Recorded data
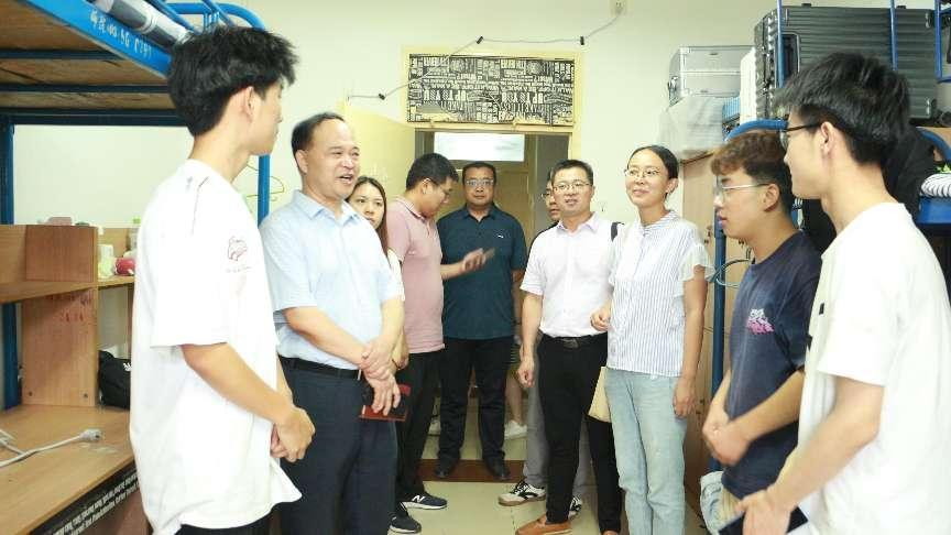 9月9日晚,学校党委委员、副校长常青林、数学与统计学院院长陈斌、党总支副书记张菊梅、副院长赵教练、辅导员以及班主任一同前往新生宿舍了关心慰问刚入学的2023级新生,了解其思想、学习、生活等情况。
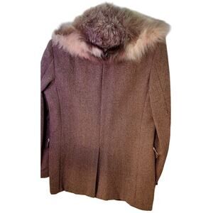 VTG 60s/70s Becca Wool Tweed Jacket Large Brown Coat with Fur Collar
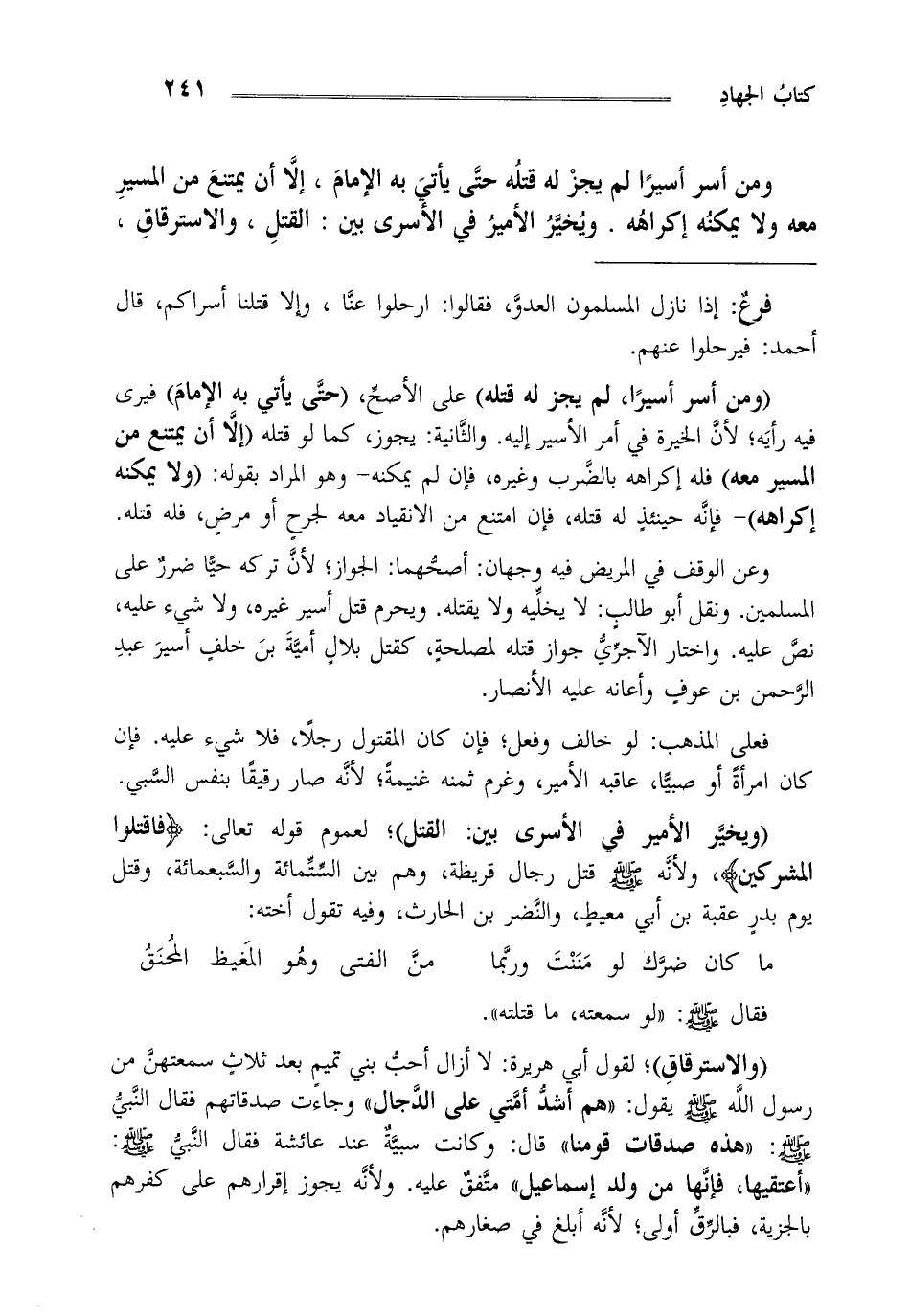 "ومن أسر أسيرا لم يجز له قتله" على الأصح، "حتى يأت به الإمام" فيرى فيه رأيه لأن الخيرة في أمر الأسير إليه والثانية يجوز كما لو قتله "إلا أن يمتنع من المسير معه" فله إكراهه بالضرب وغيره فإن لم يمكنه وهو المراد بقوله: "ولا يمكنه إكراهه" فإنه حينئذ له قتله فإن امتنع من الانقياد معه لجرح أو مرض فله قتله.
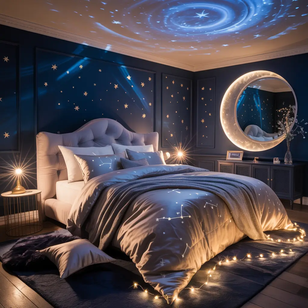 Focus on silver, white, and pale blue tones that mirror moonlight. The key lies in creating layers of light that mimic how moonbeams dance across surfaces. I hung sheer white curtains behind regular ones, and when backlit, they create this ethereal glow that makes me feel like I’m sleeping in moonlight.
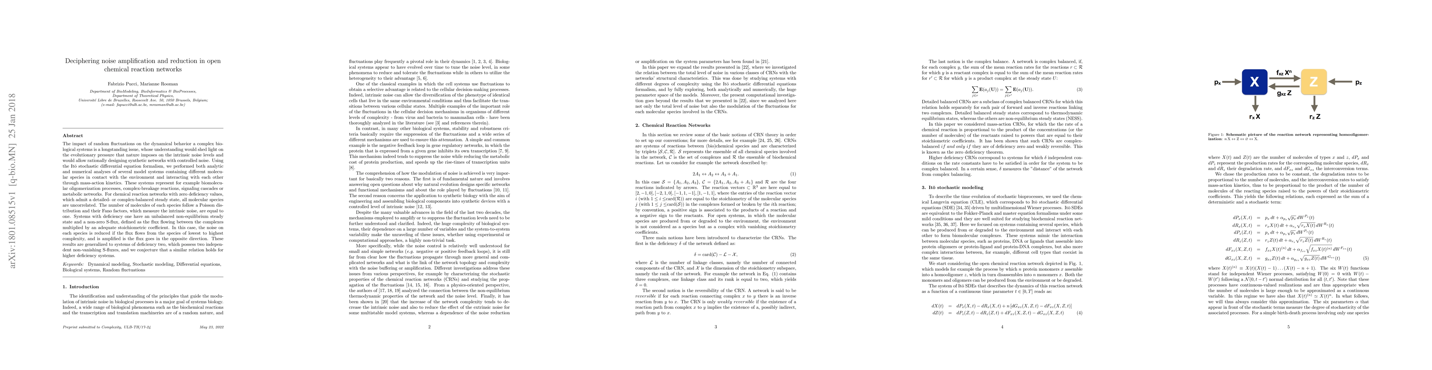 Researchers studied how random fluctuations affect complex biological systems, finding that noise is reduced when flux flows from simpler to more complex species and amplified in the opposite direction.
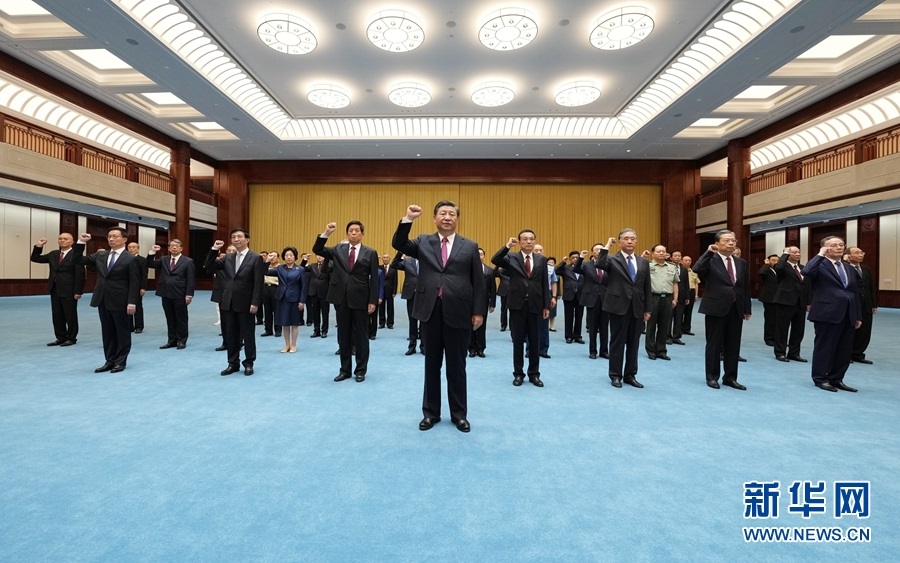 2021年6月18日,黨和國家領導人習近平、李克強、栗戰(zhàn)書、汪洋、王滬寧、趙樂際、韓正、王岐山等在中國共產黨歷史展覽館參觀“‘不忘初心、牢記使命’中國共產黨歷史展覽”。這是參觀結束后,習近平帶領黨員領導同志一起重溫入黨誓詞。新華社記者 李學仁 攝
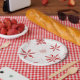 Maybe you’ve seen our bright red snow on white canvas card with white snowflakes. Now there are napkins and plates with these jumbo red Christmas snowflakes. Mix and match the red and white for your table setting and enjoy your holidays!
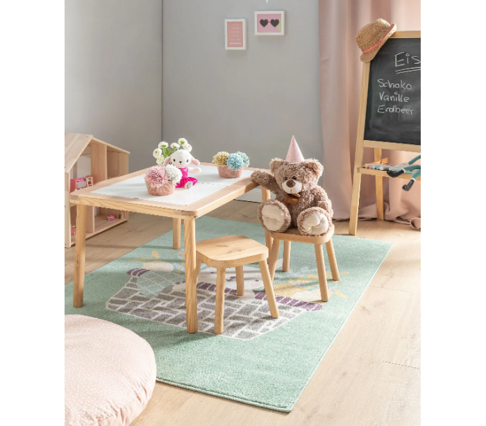 Dekorativt løst tæppe til børneværelset eller stuen, udført i et design af 100% polypropylene. Tæppet måler 120 x 170 cm i bredde og dybde.
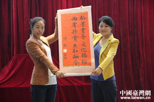 中國(guó)國(guó)民黨榮譽(yù)主席連戰(zhàn)先生專門為本次座談會(huì)題詞:翰墨書香 文化橋梁 兩岸共賞 互和融合。(中國(guó)臺(tái)灣網(wǎng) 王怡然 攝)

=== Your task ===
Word for word, write out each of the records, but not the pictures.

=== Finished exercise ===
 9月9日晚,学校党委委员、副校长常青林、数学与统计学院院长陈斌、党总支副书记张菊梅、副院长赵教练、辅导员以及班主任一同前往新生宿舍了关心慰问刚入学的2023级新生,了解其思想、学习、生活等情况。
 VTG 60s/70s Becca Wool Tweed Jacket Large Brown Coat with Fur Collar
 "ومن أسر أسيرا لم يجز له قتله" على الأصح، "حتى يأت به الإمام" فيرى فيه رأيه لأن الخيرة في أمر الأسير إليه والثانية يجوز كما لو قتله "إلا أن يمتنع من المسير معه" فله إكراهه بالضرب وغيره فإن لم يمكنه وهو المراد بقوله: "ولا يمكنه إكراهه" فإنه حينئذ له قتله فإن امتنع من الانقياد معه لجرح أو مرض فله قتله.
 Focus on silver, white, and pale blue tones that mirror moonlight. The key lies in creating layers of light that mimic how moonbeams dance across surfaces. I hung sheer white curtains behind regular ones, and when backlit, they create this ethereal glow that makes me feel like I’m sleeping in moonlight.
 Researchers studied how random fluctuations affect complex biological systems, finding that noise is reduced when flux flows from simpler to more complex species and amplified in the opposite direction.
 2021年6月18日,黨和國家領導人習近平、李克強、栗戰(zhàn)書、汪洋、王滬寧、趙樂際、韓正、王岐山等在中國共產黨歷史展覽館參觀“‘不忘初心、牢記使命’中國共產黨歷史展覽”。這是參觀結束后,習近平帶領黨員領導同志一起重溫入黨誓詞。新華社記者 李學仁 攝
 Maybe you’ve seen our bright red snow on white canvas card with white snowflakes. Now there are napkins and plates with these jumbo red Christmas snowflakes. Mix and match the red and white for your table setting and enjoy your holidays!
 Dekorativt løst tæppe til børneværelset eller stuen, udført i et design af 100% polypropylene. Tæppet måler 120 x 170 cm i bredde og dybde.
 中國(guó)國(guó)民黨榮譽(yù)主席連戰(zhàn)先生專門為本次座談會(huì)題詞:翰墨書香 文化橋梁 兩岸共賞 互和融合。(中國(guó)臺(tái)灣網(wǎng) 王怡然 攝)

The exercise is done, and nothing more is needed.